“But what did you see?” Church stressed.
“Enough to know that this whole world’s in deep trouble. And I was told-“
“Who told you?”
“-I was told that all this strange, supernatural shit that’s been going on all over the country is tied into it. The basic message was: don’t go getting any long-term mortgages.” Before Church could complain about her reticence, she added, “Anything I say won’t do it justice. But I can show you.”
chapter six
a view into the dark
hurchfields Industrial Estate lay on the western outskirts of the city. It was a maze of low, flat buildings in bleak, sixties design, each enclosed by chainlink fence or barbed wire. The entrance was through a dark, long tunnel under a railway bridge, which added to the sense of grim isolation. There was a constant smell of petrol fumes and engine oil, claustrophobic in the growing heat of the day, but despite the many builders’ merchants and car lots, there was no sign of life.

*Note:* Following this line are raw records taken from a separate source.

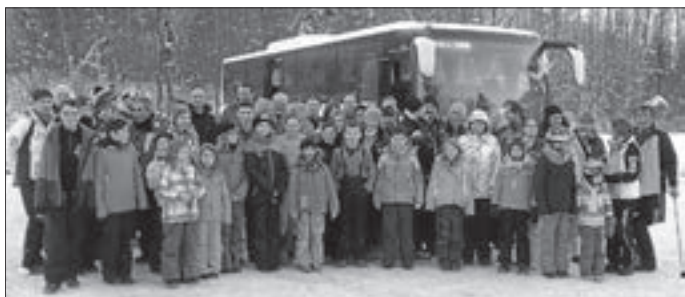
Ein super schöner Skitag ist zu Ende!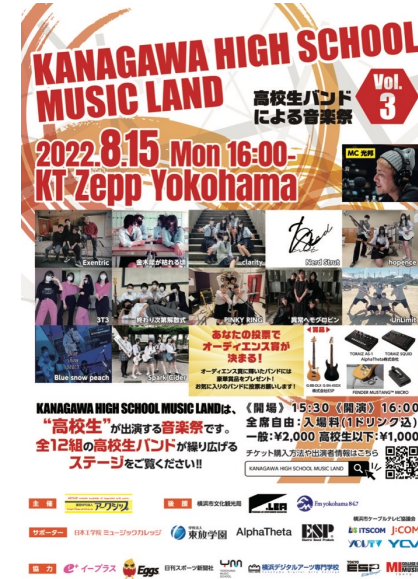
KANAGAWA HIGH SCHOOL MUSIC LAND vol.3 (2022,8/15 KT Zepp Yokohama)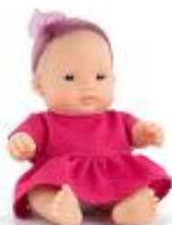
BABY ASIÁTICA NIÑA CON ROPA REF 1-33004

Church parked the car round the corner and they sauntered up to the depot on foot. It comprised a large warehouse surrounded by smaller units, with a wide turning area for lorries at the front; the tarmac was cracked and tufts of yellowing grass poked through. As they neared, a fork-lift truck whizzed by carrying a pallet full of yellow oil drums, and through an open slide-door they could see movement deep within the building. Twelve-foot-high gates barred the way; they seemed to be opened electronically.
“We’ve got no chance of getting in there unseen,” Church said.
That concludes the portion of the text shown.